Each term in the sum measures the vertical distance between a data point and the straight line. (Squaring the distances ensures that distances above and below the line do not cancel each other out. It is because we are minimising the distances squared that the straight line we will find is called the least squares best fit straight line.) In order to minimise $R$ we can imagine sliding the clear ruler around on the page until the line looks right; that is we can imagine varying the slope $m$ and $y$ -intercept $c$ of the line. We therefore think of $R$ as a function of the two variables $m$ and $c$ and, as we know from our earlier work on maxima and minima of functions, the minimisation is achieved when

$\frac{\partial R}{\partial c} = 0 and \frac{\partial R}{\partial m} = 0.$

(We know that this will correspond to a minimum because $R$ has no maximum, for whatever value $R$ takes we can always make it bigger by moving the line further away from the data points.)
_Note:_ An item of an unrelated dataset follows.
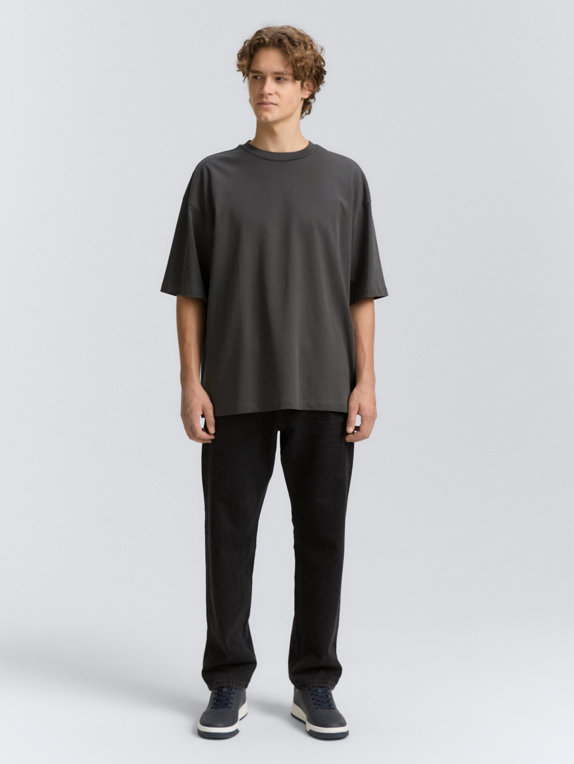 Basic oversized T-shirt in plain colours. Made from opaque heavy jersey cotton fabric.

Differentiating $R$ with respect to $m$ and $c$ gives

\begin{array}{rcl} \frac{\partial R}{\partial c} & = & 2 (m x_{1} + c - f_{1}) + 2 (m x_{2} + c - f_{2}) + 2 (m x_{3} + c - f_{3}) + \dots \\ = & 2 \sum (m x_{n} + c - f_{n}) and \\ \frac{\partial R}{\partial m} & = & 2 (m x_{1} + c - f_{1}) x_{1} + 2 (m x_{2} + c - f_{2}) x_{2} + 2 (m x_{3} + c - f_{3}) x_{3} + \dots \\ = & 2 \sum (m x_{n} + c - f_{n}) x_{n}, \end{array}

respectively. Setting both of these quantities equal to zero (and cancelling the factor of 2) gives a pair of simultaneous equations for $m$ and $c$ . This pair of equations is given in the Key Point below.

Key Point 3

The least squares best fit straight line to the experimental data

$(x_{1}, f_{1}), (x_{2}, f_{2}), (x_{3}, f_{3}), \dots (x_{n}, f_{n})$

$y = m x + c$

where $m$ and $c$ are found by solving the pair of equations

$\begin{matrix} c (\sum_{1}^{n} 1) + m (\sum_{1}^{n} x_{n}) & = & \sum_{1}^{n} f_{n}, \\ c (\sum_{1}^{n} x_{n}) + m (\sum_{1}^{n} x_{n}^{2}) & = & \sum_{1}^{n} x_{n} f_{n} . \end{matrix}$

(The term $\sum_{1}^{n} 1$ is simply equal to the number of data points, $n$ .)

Example 7

An experiment is carried out and the following data obtained:

$\begin{matrix} x_{n} & 0.24 & 0.26 & 0.28 & 0.30 \\ ̲ & ̲ & ̲ & ̲ & ̲ \\ f_{n} & 1.25 & 0.80 & 0.66 & 0.20 \end{matrix}$

Obtain the least squares best fit straight line, $y = m x + c$ , to these data. Give $c$ and $m$ to 2 decimal places.

Solution

For a hand calculation, tabulating the data makes sense:

$\begin{matrix} x_{n} & f_{n} & x_{n}^{2} & x_{n} f_{n} \\ ̲ & ̲ & ̲ & ̲ & ̲ \\ 0.24 & 1.25 & 0.0576 & 0.3000 \\ 0.26 & 0.80 & 0.0676 & 0.2080 \\ 0.28 & 0.66 & 0.0784 & 0.1848 \\ 0.30 & 0.20 & 0.0900 & 0.0600 \\ ̲ & ̲ & ̲ & ̲ & ̲ \\ 1.08 & 2.91 & 0.2936 & 0.7528 \end{matrix}$

The quantity $\sum 1$ counts the number of data points and in this case is equal to 4.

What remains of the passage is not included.